25 June 2012

journeying along an obscure route

the other person is a shore we will never reach
It was in this spirit that the game continued.

24 June 2012

the spell-bound heart
So what builds as we get older is not structure (edifice/empire) but intensity. An asymptotic approach to death.
In my best writing, I give up all control to the poem: I’m barely holding on.
Like all central truths, its ramifications are infinite.
Spirit is agent of the event. It breaks with the past, and stimulates the future. The present is passage into the future, but it is a passage through which the future spews against me with such ferocity that my spirit needs to be charging forward just to squeeze past and through. If I stand still, or even slow down, then time will catch me and I'll be swept away into history.
energy & vitality are sacrificed, without compromise
commune with your heart and be still

18 June 2012

Relax to keep tension alive.

16 June 2012

love is a relation with that which always slips away
purging the comforts
Meditation – a category that includes taiji – is about looking into time. In particular locating – or even extracting – the present from the lazy flow of time. It would seem we have no choice but to be in the present, but in fact most of us do all we can to avoid its revealing glare. The present moment is red hot – or ice cold – and when I am truly in and of it I contain no past and no future – I am unclothed of them and stand naked, bereft of the possibility of escape or avoidance. This razor's edge requires all the intensity and concentration I can muster to sustain and bear, because the true present is in fact the absolute future opening up before me – a future untainted by the past – the unextrapolatable future – a place and time of novelty and creativity – pure spirit.

13 June 2012

the withering sun of knowledge
Knowledge is held onto
Faith is relaxed into

Habit: a set of intelligently constructed mechanisms which ensure the appropriate reply to various possible demands.
Coherence is not necessarily good, and one must question its cost. Better sometimes to remain confused.
Institutions tend to become the enemy of the very event they are supposed to embody, intent on preserving their own existence, even at the cost of the very purpose of their existence.
Most of us spend a life in anticipation. We deal with the future by anticipating it. In fact intelligence is the ability to anticipate – to see order in the past and thereby second guess what's coming. The problem with this is two-fold: firtsly it lessens the impact of events and reduces the energy of our interactions, and secondly not only does it reduce our ability to deal with whatever cannot be anticipated, it denies and suppresses the unanticipatible. Life then becomes the very thing it shouldn't: under control, and hence boring, weak and unsatisfying.
Prayer has to do with hearing, heeding, and hearkening to a provocation that draws us out of ourselves.

11 June 2012


Anxiety – the modern disease – is the result of a dissociation of mind and energy.
Like a glass focusing the suns rays on a tiny point, we focus all our attention and intention on the here & now, burning a passage into time with an intensity borne of dedication and devotion.
Certain things can only be understood when one's energy is good enough to grapple with them. This is why philosophers – those with beautiful insights but poor energy – only ever go so far.
Moving into spirit is only possible with a set of practices that discipline, strengthen and liberate one's energy.
Not really empty – just empty of all that can be known.
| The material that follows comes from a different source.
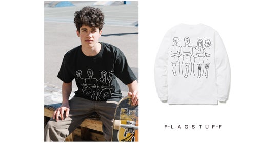 F-LAGSTUF-F の10周年を記念し、3年ぶりに長場氏とのコラボレーションが実現。F-LAGSTUF-F デザイナーが好きなバンドの代表的アートワークをモチーフにしたグラフィックを長袖Tシャツや半袖Tシャツ、KIDS Tシャツの他、ビアマグやソックスに落とし込みました。
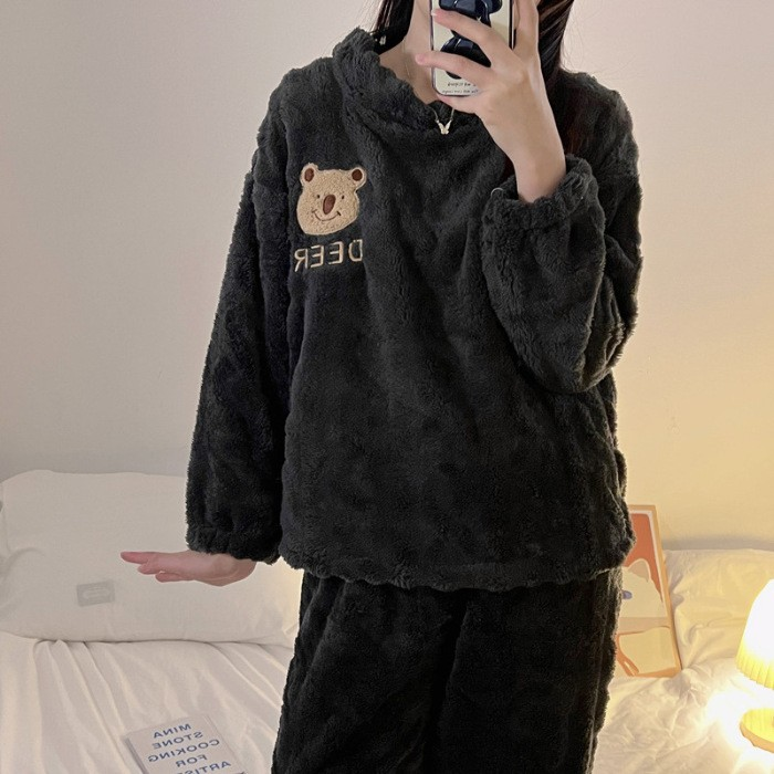 リラックスしたい時に最適な上下セットのルームウェア。フリル襟とリボンが魅力的なトップスと、ゆったりしたパンツの組み合わせで、心地よい着心地を実現。柔らかな素材が肌に優しく、おうち時間をより特別なものに演出します。優雅で快適な時間を楽しむための一着です。

We're not human beings by nature but by grace.
impersonal & pre-individual
a knack for cutting through the intricacy of self-deception
uncontaminated by the mediation of sensation

09 June 2012

All structures, even those of understanding, ultimately block energy from either manifesting or moving.
to be created is to be called into being
we cannot acquire the virtue of purity unless we have first acquired humility of heart
to become worthy of what happens to us, and thus to will and release the event
True experience, far from confirming what I know, should threaten and unsettle, forcing me to review and reinterpret.
Tradition is an ocean of energy and experience waiting to be stirred up so that its secrets resurface and expose themselves. If I wish to be agent to such awakening then I must submerge myself in that tradition and cause a stir. This means not just obeying, but wrenching, wringing, rupturing its principles in order to discover what they contain. I must do what my teacher instructed me to do whilst being what he entrusted me to be – as creative and unorthodox as humanly possible.